Il s'est ensuite attardé sur la situation dramatique des migrants. "Ça fait 15 ans que le problème des migrants perdure mais depuis un an le traitement vis-à-vis d'eux est encore plus brutal. Je dois vous dire que la loi qui va être votée bientôt sera encore pire. On va pouvoir enfermer plus facilement, plus longuement et expulser plus rapidement les migrants. Il est temps d'entendre les associations, sur tous les sujets, car comme il y a 25 ans, silence = mort", a martelé le réalisateur.

Deux acteurs dans la lumière. Là où de nombreux films sur l'épidémie du sida, qui a fait des ravages dans la communauté homosexuelle, s'attardent sur des destins individuels, 120 battements par minute a fait le pari du collectif, avec un casting de jeunes inconnus. Une volonté récompensée par des nominations pour quatre acteurs du film, dont deux finalement césarisés.
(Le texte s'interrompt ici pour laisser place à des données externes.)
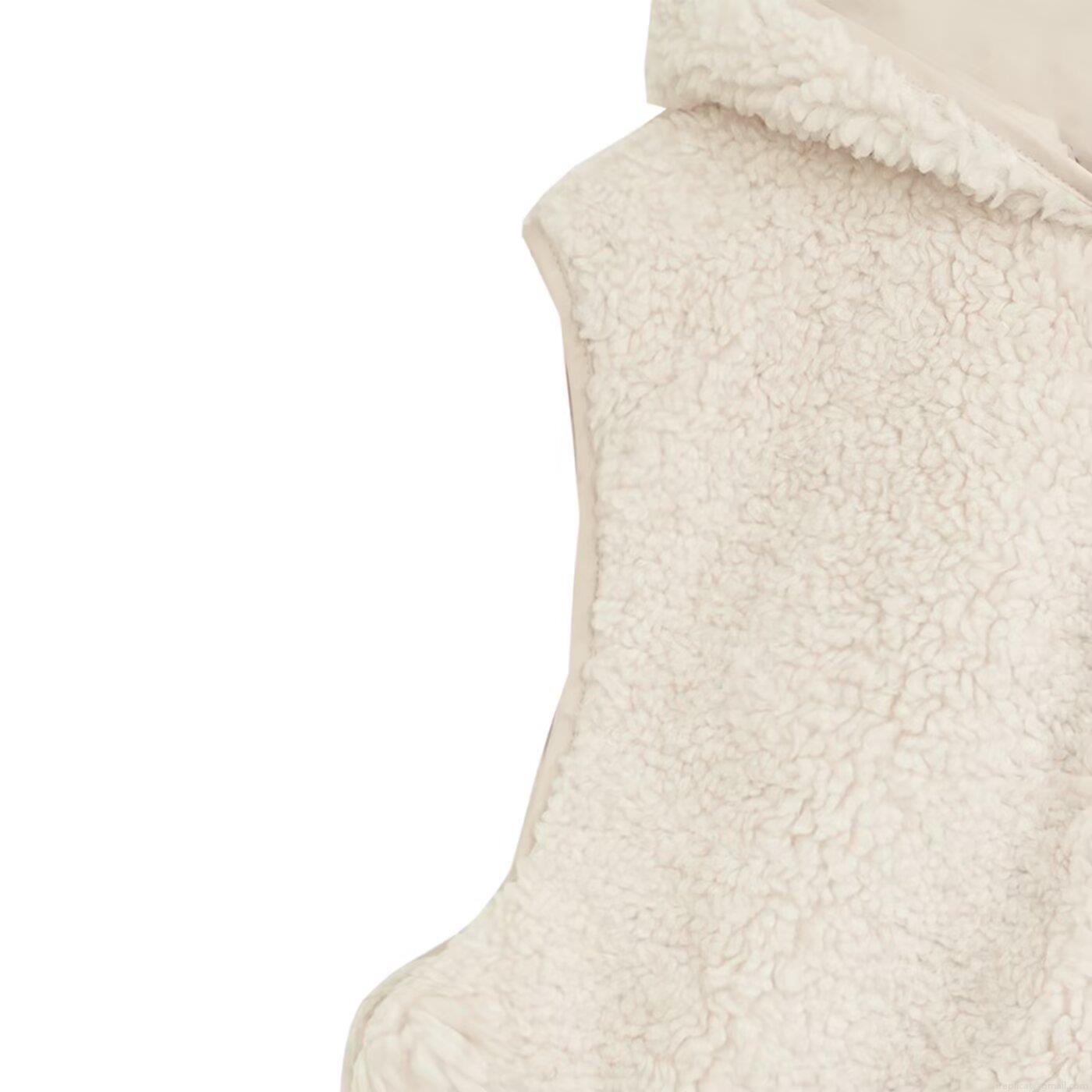 Women's Casual Sherpa Fleece Hooded Vest Zip Up Sleeveless Jacket Warm Thickened Winter Waistcoat With Pockets Outerwear
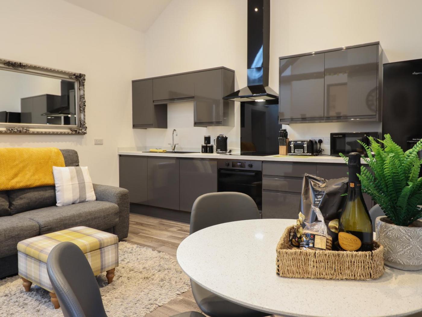 Holiday Home. This holiday homes standout features are the hot tub and fireplace. This holiday home includes 1 bedroom, a seating area with a sofa and 1 bathroom with a walk-in shower. In the fully equipped kitchen, guests will find a stovetop, a refrigerator, a dishwasher and an oven. The holiday home offers a washing machine, a dining area, a wardrobe, an electric kettle and a TV. The unit has 1 bed.

Nahuel Pérez Biscayart, qui incarne Sean, un jeune gay expansif mais malade, a logiquement reçu le César du meilleur espoir masculin. Le comédien franco-argentin de 31 ans a dédié son prix à Act Up et "à tous ceux et celles qui mènent des combats aujourd'hui, qui ne reçoivent pas de prix, qui ne sont pas reconnus pour leurs luttes". "Par exemple, en Argentine en ce moment, les femmes se battent pour que l'avortement soit enfin légal", a-t-il ajouté.

Quant à Antoine Reinartz, qui interprète Thibault, leader inquiet d'Act Up, il a été récompensé par le César du Meilleur acteur dans un second rôle. "Ce prix c'est les jeunes de 20 ans qui ont vu leur rêve balayés. Ce prix, c'est celui de ces rêves écrasés, déchus mais aussi tout ce que vous en avez fait", a-t-il déclaré en recevant sa statuette. Enfin, en plus du montage, 120 battements par minute a glané un autre César "technique", celui de la Meilleure musique originale, remis à Arnaud Rebotini.